What you should end up with is an exact copy of the lines from the one holding "A pull-on cargo" through the last line of the entries below, both included, and nothing else; leave every picture out.

Records from a data source:
○ ○ ○ ○

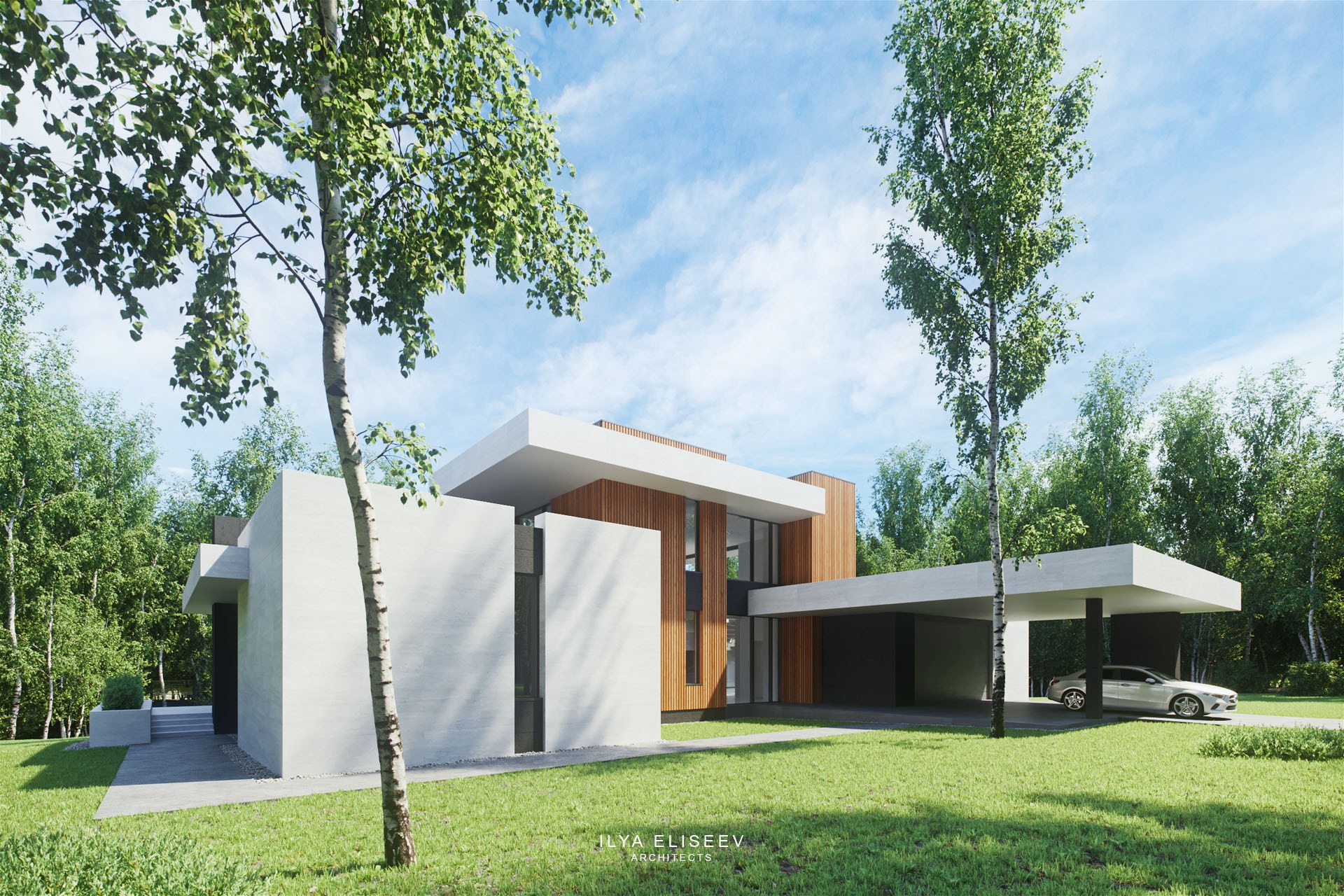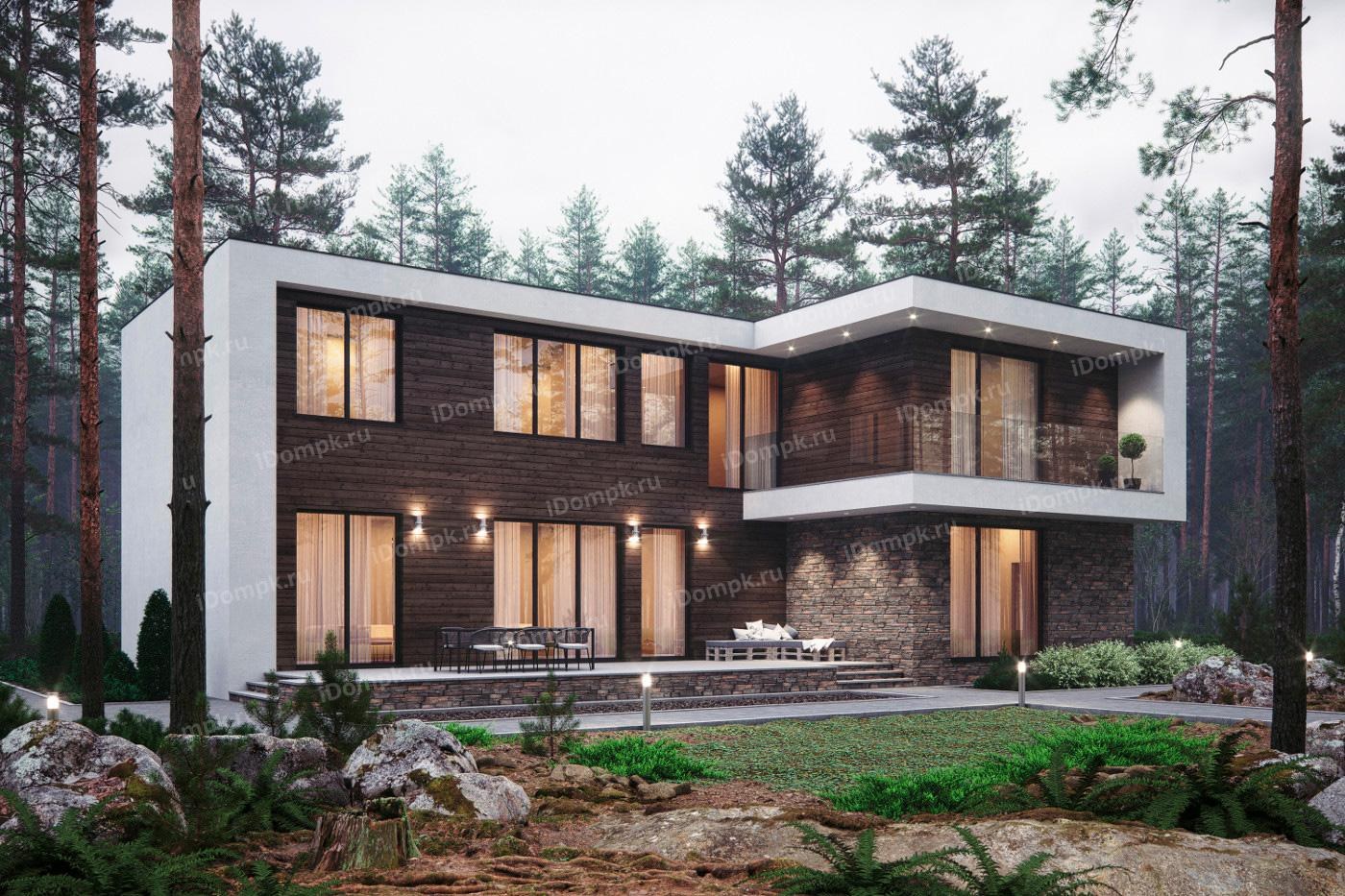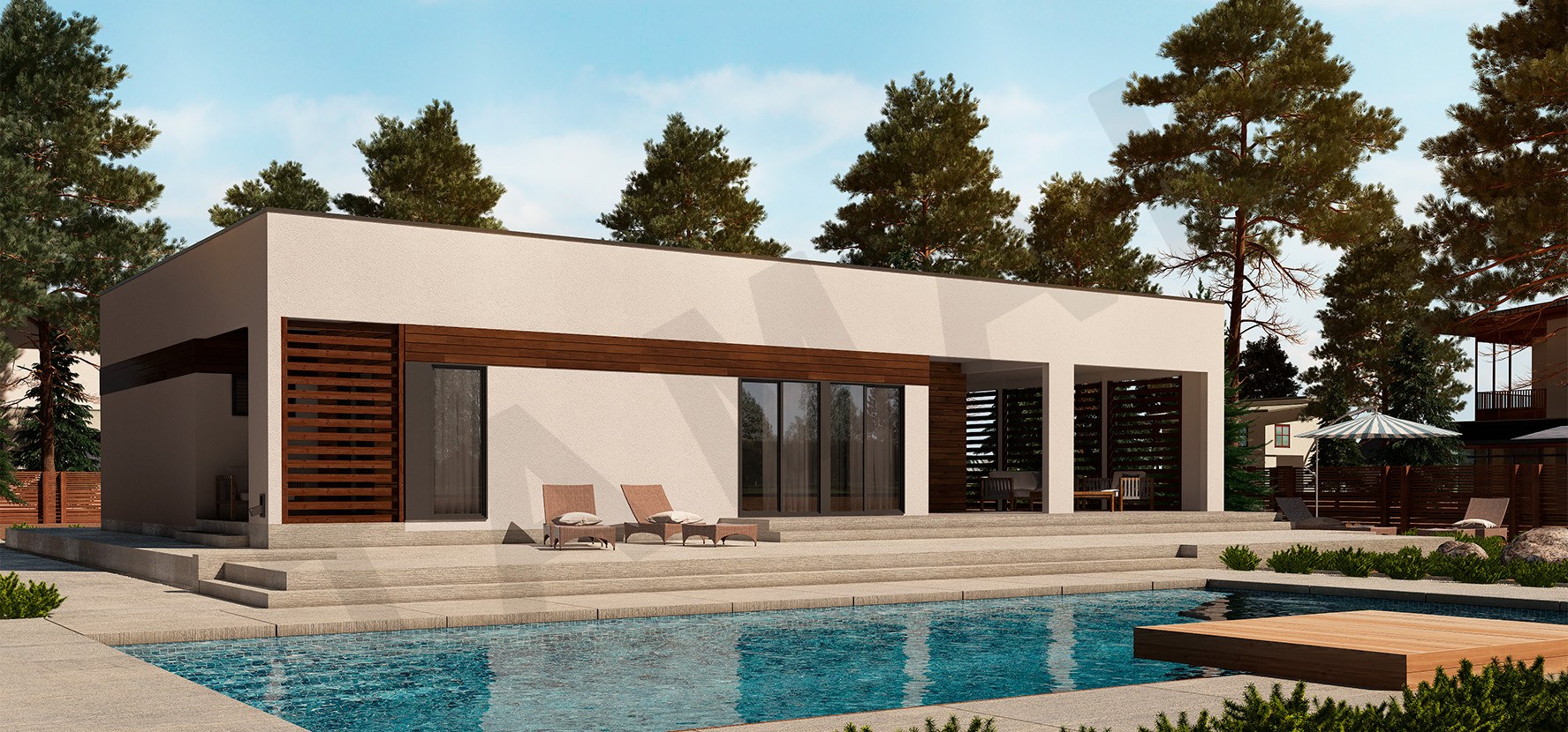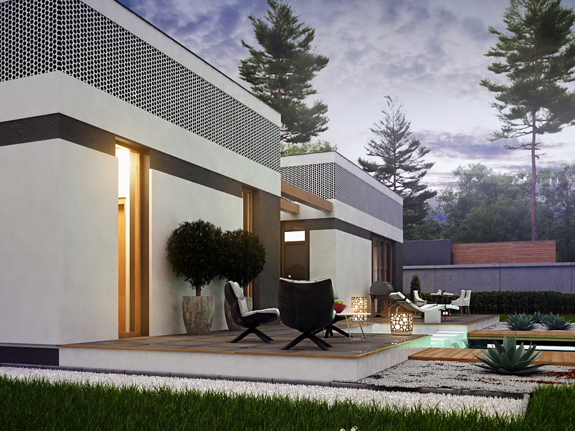 Одноэтажный дом с плоской крышей в стиле Минимализм
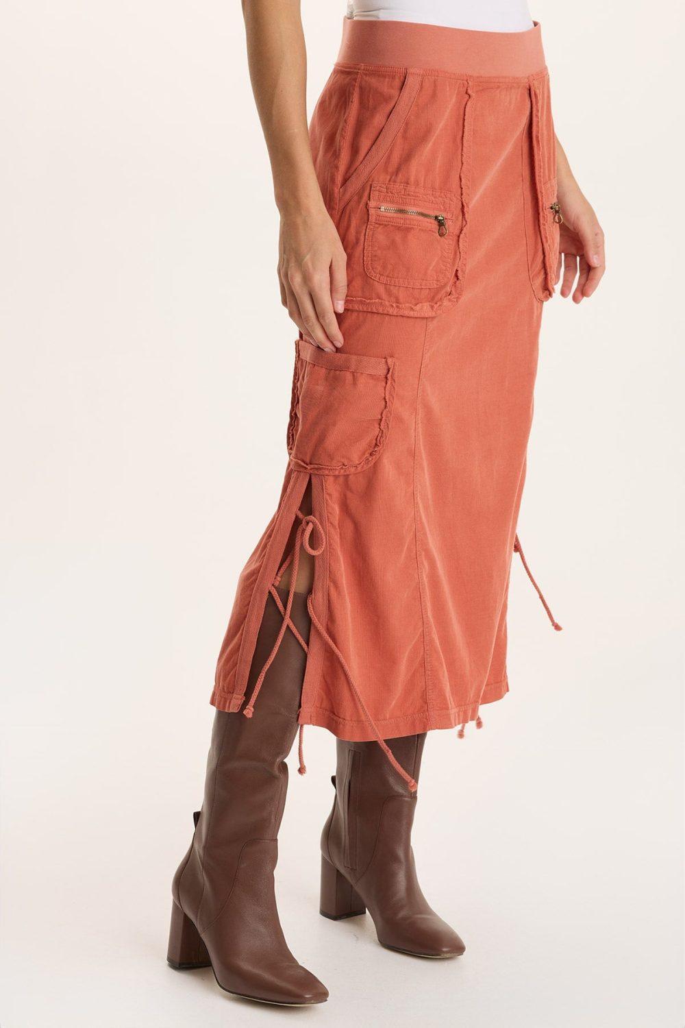 A pull-on cargo midi skirt in the season’s quintessential corduroy, Sisu features side slits with adjustable ties, and generous layered pockets with distressed details for a rugged edge. A clean hemline keeps things polished and versatile.
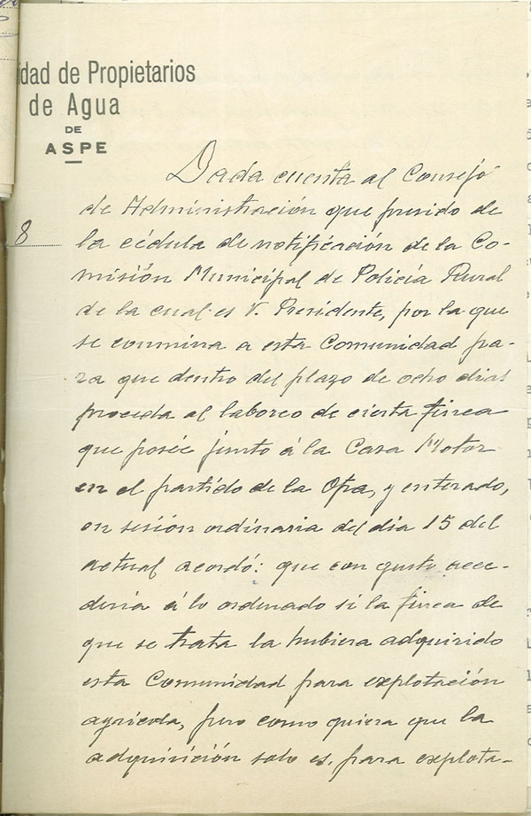 Actas y antecedentes de la Comisión de la Policía Rural, 1933
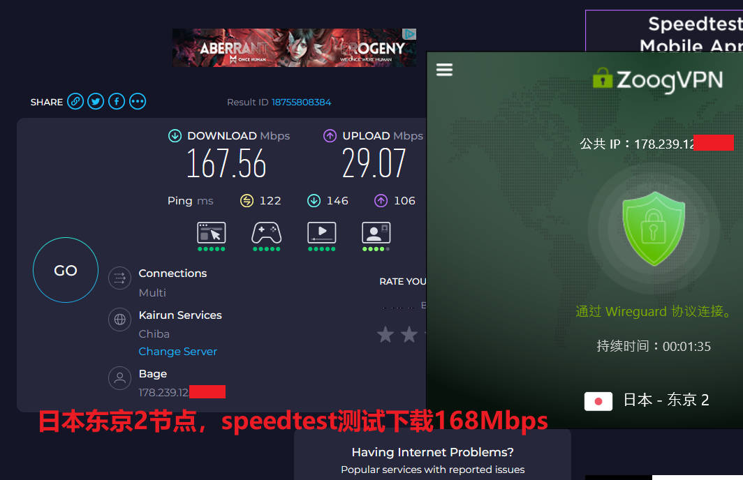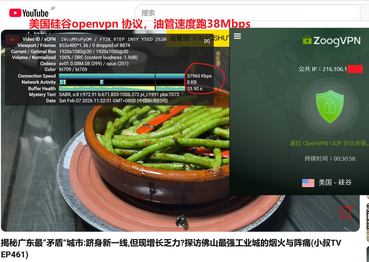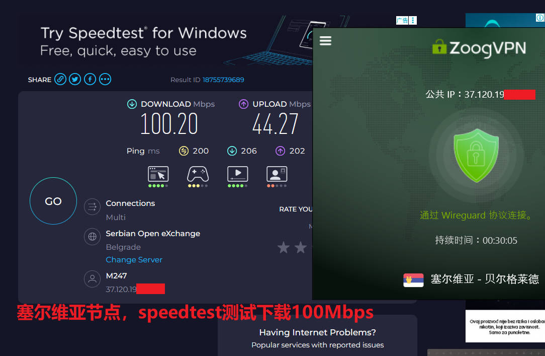 1月24日中午,电信宽带WiFi,zoogvpn上随机使用自动模式连接测试了塞尔维亚、日本东京2、美国硅谷三个节点,其中塞尔维亚、日本东京2连接协议是Wireguard,美国硅谷是openvpn udp协议,使用speedtest测试速度分别为:100Mbps、168Mbps、67Mbps ;测试youtube油管速度分别为41Mbps、52Mbps、44Mbps,三个节点表现非常优秀,如下图所示
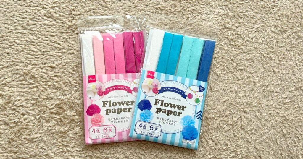 お花紙もカラーごとにダイソーで取り扱いがあり、ハサミで数センチ角に切って使うのがおすすめ。
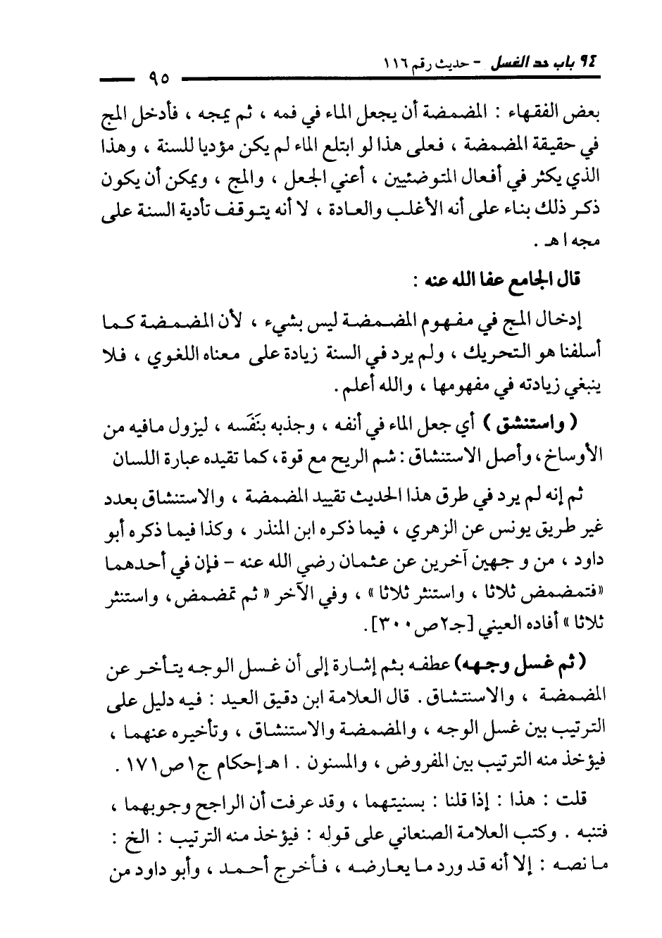 (ثم غسل وجهه) عطفه بثم إشارة إلى أن غسل الوجه يتأخر عن المضمضة، والاستنشاق. قال العلامة ابن دقيق العيد: فيه دليل على الترتيب بين غسل الوجه، والمضمضة والاستنشاق، وتأخيره عنهما، فيؤخذ منه الترتيب بين المفروض، والمسنون. اهـ إحكام ج 1 ص 171.
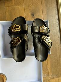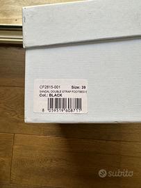 Sandalo nero con fibbie oro, completo di scatola, usato pochissimo., numero 39.

○ ○ ○ ○

> Expected output
 A pull-on cargo midi skirt in the season’s quintessential corduroy, Sisu features side slits with adjustable ties, and generous layered pockets with distressed details for a rugged edge. A clean hemline keeps things polished and versatile.
 Actas y antecedentes de la Comisión de la Policía Rural, 1933
 1月24日中午,电信宽带WiFi,zoogvpn上随机使用自动模式连接测试了塞尔维亚、日本东京2、美国硅谷三个节点,其中塞尔维亚、日本东京2连接协议是Wireguard,美国硅谷是openvpn udp协议,使用speedtest测试速度分别为:100Mbps、168Mbps、67Mbps ;测试youtube油管速度分别为41Mbps、52Mbps、44Mbps,三个节点表现非常优秀,如下图所示
 お花紙もカラーごとにダイソーで取り扱いがあり、ハサミで数センチ角に切って使うのがおすすめ。
 (ثم غسل وجهه) عطفه بثم إشارة إلى أن غسل الوجه يتأخر عن المضمضة، والاستنشاق. قال العلامة ابن دقيق العيد: فيه دليل على الترتيب بين غسل الوجه، والمضمضة والاستنشاق، وتأخيره عنهما، فيؤخذ منه الترتيب بين المفروض، والمسنون. اهـ إحكام ج 1 ص 171.
 Sandalo nero con fibbie oro, completo di scatola, usato pochissimo., numero 39.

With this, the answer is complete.